A group of 17 law professors filed an amicus brief this week that supports a petition to rehear the anti-trust case involving an Idaho health system's purchase of the state's largest independent physician practice.

St. Luke's Health System in Boise late last month asked the U.S. Court of Appeals for the Ninth Circuit to rehear its case before a full panel of judges. In February, St. Luke's lost its first-round appeal before the Ninth Circuit, where a panel of three judges upheld a District Court ruling that St. Luke's violated antitrust laws when it purchased the Saltzer Medical Group of Nampa, a practice of 40 physicians, and ordered it to unwind the acquisition.

The case, the first to go on trial to challenge a health system acquisition of a physician practice since the passage of the Affordable Care Act, has national implications for physician referrals and competition in the marketplace.
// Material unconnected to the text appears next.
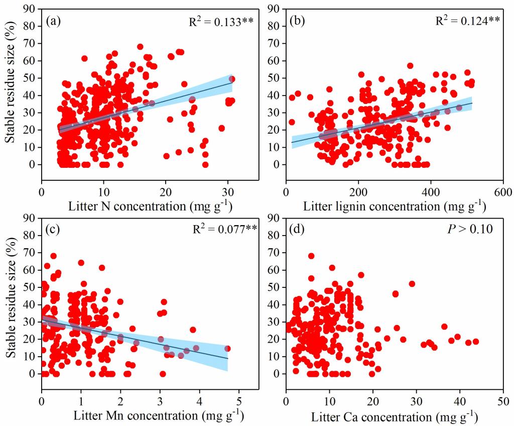 除了温度敏感性,凋落物分解极限是另一个决定陆地碳库和大气碳库之间碳流动速率的因素。我院陆地生态系统过程团队通过收集和整理已发表文献中的数据,发现叶凋落物初始氮、木质素和锰含量是控制分解极限的主要因素。该研究以“Global pattern and drivers of stable residue size from decomposing leaf litter”发表于农林科学类一区Top期刊Catena。

St. Luke's argues that the acquisition improved patient outcomes and healthcare delivery in the area. However, the Federal Trade Commission, the Idaho attorney general and the system's competitors--St. Alphonsus Health System and Treasure Valley Hospital--claim that the merger gave St. Luke's an unfair and illegal marketplace advantage by dominating primary medical care in Canyon County. They also claimed it would drive up healthcare prices in the area.

The District Court and the Ninth Circuit rejected St. Luke's argument that anticipated post-merger efficiencies excused the potential anticompetitive price effects. In the most recent opinion, Judge Andrew D. Hurwitz wrote that it's not enough to say the merger would allow St. Luke's to better serve patients. The hospital system would have to prove that the acquisition wouldn't hurt competition.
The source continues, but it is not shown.